New PET radiotracer offers clearer view of brain inflammation

A newly developed PET radiotracer has shown the ability to produce high-quality images of real-time brain inflammation, according to research presented at the Society of Nuclear Medicine and Molecular Imaging 2025 Annual Meeting. By identifying activated immune cells in the brain, the tracer may pave the way for earlier diagnosis and more personalized treatment of a range of neurological diseases including Alzheimer's, Parkinson's, ALS, and multiple sclerosis.

Neuroinflammation-an immune response triggered by infection, toxin buildup, or injury in the central nervous system-is a key driver in the progression of many neurodegenerative and psychiatric disorders. Imaging neuroinflammation plays a critical role in diagnosis, monitoring, and treatment.
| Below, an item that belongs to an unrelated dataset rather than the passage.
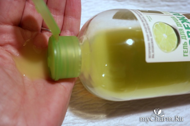 Консистенция не кремообразная, как мне нравится у некоторых гелей от "Буржуа", а жидковатая. Но, зато не залипает на дне и когда заканчивается, его не нужно переворачивать крышкой вниз, чтобы он стекал. Аромат насыщенный, сочный, фруктовый, характерный лимонный с нотками мяты.

Current clinical PET imaging for neuroinflammation primarily uses tracers that target TSPO, a downstream marker that is broadly expressed across multiple cell types. Our study presents ¹⁸F-PDE-1905, a novel PET tracer specifically developed to target phosphodiesterase 4B (PDE4B)-a crucial intracellular enzyme that regulates inflammatory signaling within microglia, the immune cells of the central nervous system."

Jiahui Chen, PhD, associate scientist in the Department of Radiology and Imaging Sciences at Emory University School of Medicine in Atlanta, Georgia

Researchers began by analyzing a genomics database to assess PDE4B expression in neuroinflammatory diseases using bioinformatics tools. They then developed a mouse model of neuroinflammation and performed dynamic PET imaging using the ¹⁸F-PDE-1905 alongside the TSPO-specific tracer ¹⁸F-D2-LW223. Follow-up analyses were conducted to evaluate protein expression and confirm its correlation with the PET imaging findings.
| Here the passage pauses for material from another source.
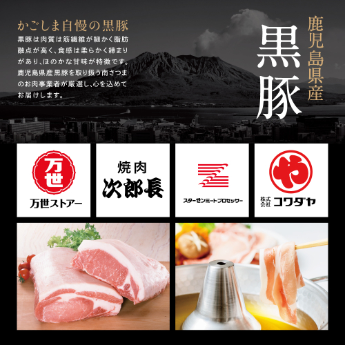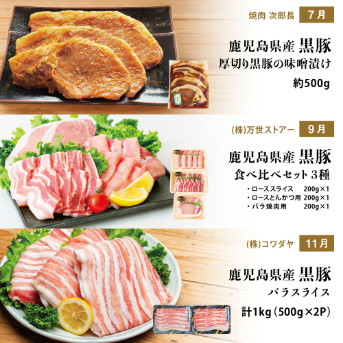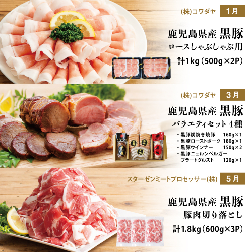 - 【定期便】畜産王国鹿児島の厳選黒豚定期便(全6回)お肉 国産 鹿児島県産 豚肉 しゃぶしゃぶ とんかつ 焼肉 焼き肉 切り落とし 焼豚 チャーシュー ローストポーク セット 食べ比べ コワダヤ スターゼン 万世ストアー 焼肉次郎長 南さつま市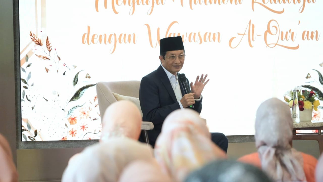 Jakarta – Menteri Agama Nasaruddin Umar menjelaskan pandangan Al-Qur’an tentang perempuan. Ia menegaskan bahwa di dalam Al-Qur’an, kedudukan perempuan setara dengan laki-laki. Bahkan, secara spiritual, sifat-sifat perempuan dianggap lebih dekat dengan sifat ketuhanan.

Bioinformatics analysis revealed elevated PDE4B levels in both Parkinson's disease and multiple sclerosis patients, as well as in corresponding mouse models. PET imaging showed significantly higher uptake of ¹⁸F-PDE-1905 in the brains of diseased mice compared to controls, indicating increased tracer activity in neuroinflammatory conditions. When compared to the TSPO-specific tracer ¹⁸F-D2-LW223, ¹⁸F-PDE-1905 demonstrated superior image quality and greater brain distribution, underscoring its promise for imaging neuroinflammation.
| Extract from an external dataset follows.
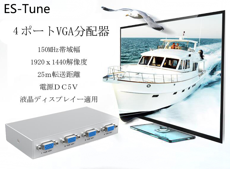 ES-Tune VGA分配器 ディスプレイスプリッタ 1入力4出力 伝送距離25M 1080P DDC機能サポート

"By directly targeting PDE4B, ¹⁸F-PDE-1905 provides a more specific and upstream view of microglial activation-an early and critical factor in the progression of many neurological diseases," said Chen. "For patients, this could mean earlier and more accurate diagnoses, better tracking of treatment effectiveness, and more personalized therapies based on direct measures of neuroinflammation. Ultimately, ¹⁸F-PDE-1905 has the potential to drive a major shift toward precision-guided care in neurodegenerative disorders."